Une série de papiers publiés dans Le Monde ces dernières semaines sur la crise de gouvernance mondiale crûment éclairée par la pandémie souligne que, les États-Unis rompant en toutes choses avec la « méthode multilatérale » élaborée en relations internationales depuis 1945, la Chine se sert de ce multilatéralisme pour déguiser ses visées de domination. Dans le cas de l’OMS, Pékin a eu beau jeu d’exploiter avec patience les faiblesses de l’organisation pour étendre son « soft power », particulièrement en Afrique, et de s’en servir « comme d’une plateforme pour signer des accords bilatéraux avec de multiples entités : laboratoires, hôpitaux, centres de recherches, programmes et fonds internationaux… »

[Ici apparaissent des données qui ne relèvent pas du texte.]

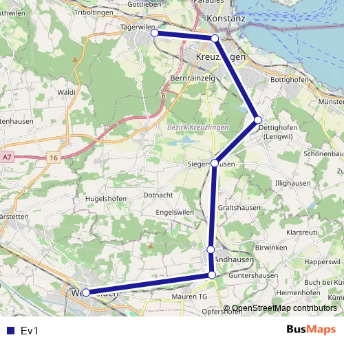 The first stop of the Ev1 bus route is Tägerwilen Dorf, Bahnhof and the last stop is Weinfelden, Bahnhof. Ev1 is operational during everyday.
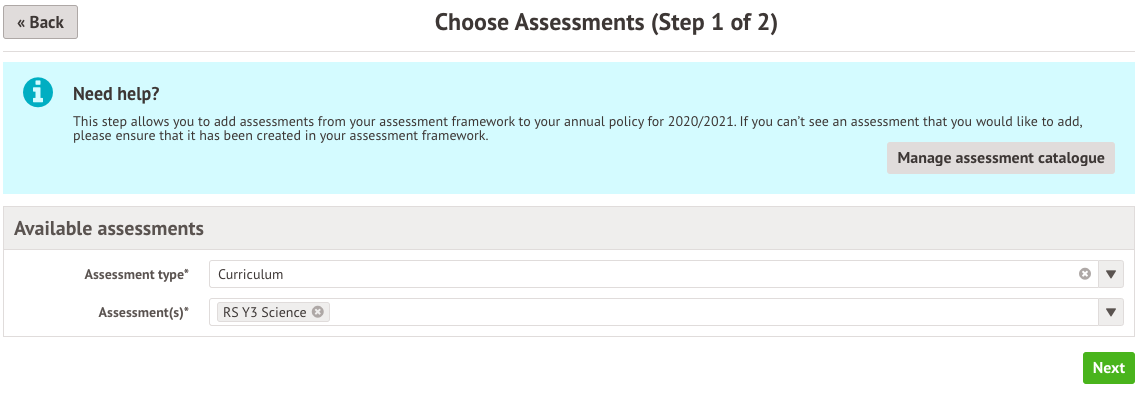 Step 1 - Add the curriculum assessment to your Assessment catalogue

Plus largement, la situation à l’OMS est à l’image de celle que vit l’ensemble du système onusien et, en particulier, de son Conseil de sécurité (CS), une instance devenue pour l’essentiel le terrain de luttes de pouvoir entre puissances surarmées. Les opinions publiques qui n’en attendent plus grand-chose depuis longtemps constatent la paralysie, sinon l’effet de nuisance d’une institution censée défendre « la paix et la sécurité » du monde. Présidente du CS en mars, la Chine a tout fait pour empêcher qu’on y parle de la pandémie. Et deux mois après l’appel lancé par le secrétaire général de l’ONU à soutenir une résolution en faveur d’un « cessez-le-feu mondial » pour mieux lutter contre la maladie, le Conseil n’a pas été foutu de lever le petit doigt.

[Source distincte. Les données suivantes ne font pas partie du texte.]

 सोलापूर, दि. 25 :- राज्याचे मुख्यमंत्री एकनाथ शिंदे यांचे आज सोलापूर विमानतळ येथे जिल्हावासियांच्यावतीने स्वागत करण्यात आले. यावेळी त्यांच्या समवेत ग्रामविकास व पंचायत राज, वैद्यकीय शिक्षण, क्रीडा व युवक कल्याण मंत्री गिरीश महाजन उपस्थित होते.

Entre l’opacité d’une dictature chinoise qui joue sur tous les tableaux et la répugnance de la Maison-Blanche au multilatéralisme, l’ordre international traditionnel a de plus en plus de mal à tenir la route. De quoi alors devrait être faite sa recomposition ? Barack Obama aura timidement pris acte en son temps de la nouvelle réalité d’un monde multipolaire, dans un contexte où les Américains n’en pouvaient plus des guerres d’Irak et d’Afghanistan, et tenté d’y adapter les États-Unis sans renoncer à un certain leadership international. Que Joe Biden soit élu président et son élection changera-t-elle quelque chose aux équilibres du monde ? Sommes-nous encore longtemps condamnés à nous regarder — à l’échelle locale comme internationale — en chiens de faïence ?

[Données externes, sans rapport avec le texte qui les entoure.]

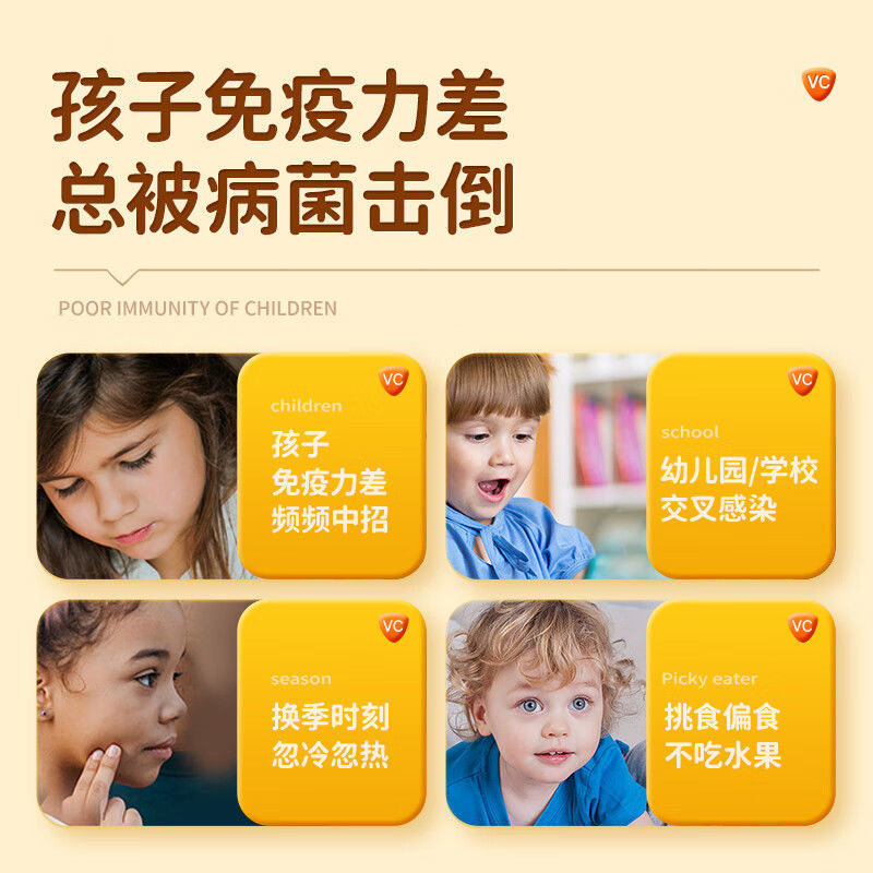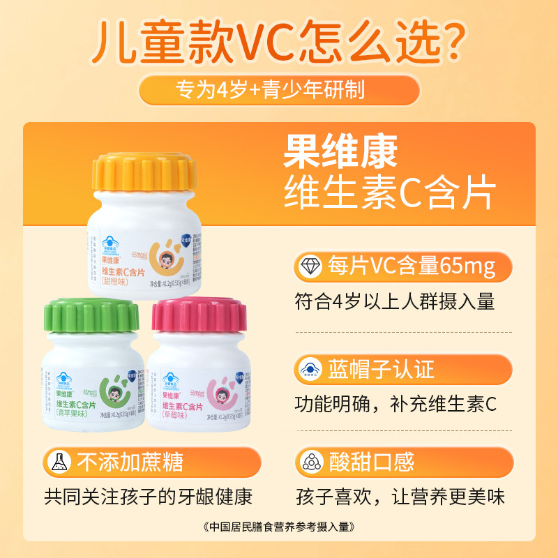 果维康儿童维生素C青少年成长VC专用换季强免疫力果味vc咀嚼含片

La pandémie appelle une révolution dans notre rapport à la nature et à la santé. Dire que « ça va bien aller », c’est encore prétendre que l’humain peut tout contrôler. Dans les pays en développement, la crise sanitaire qui continue de prendre de l’ampleur annonce d’épouvantables pénuries alimentaires. Pour l’avenir du monde, Louise Arbour, ancienne haute-commissaire des Nations unies pour les droits de l’homme, plaidait récemment dans nos pages pour une « forme renouvelée » de multilatéralisme et de coopération internationale : « Le désastre dans lequel le monde est plongé est à la fois une cause et une conséquence des inégalités entre les pays et à l’intérieur des pays ». Contre les Trump et les Xi Jinping, il y a place pour un leadership « ambitieux et avant-gardiste » au sein duquel, écrit-elle, le Canada a un rôle à jouer. Très juste. Alors, qu’il le joue. Un simple retour à la normale serait faussement rassurant.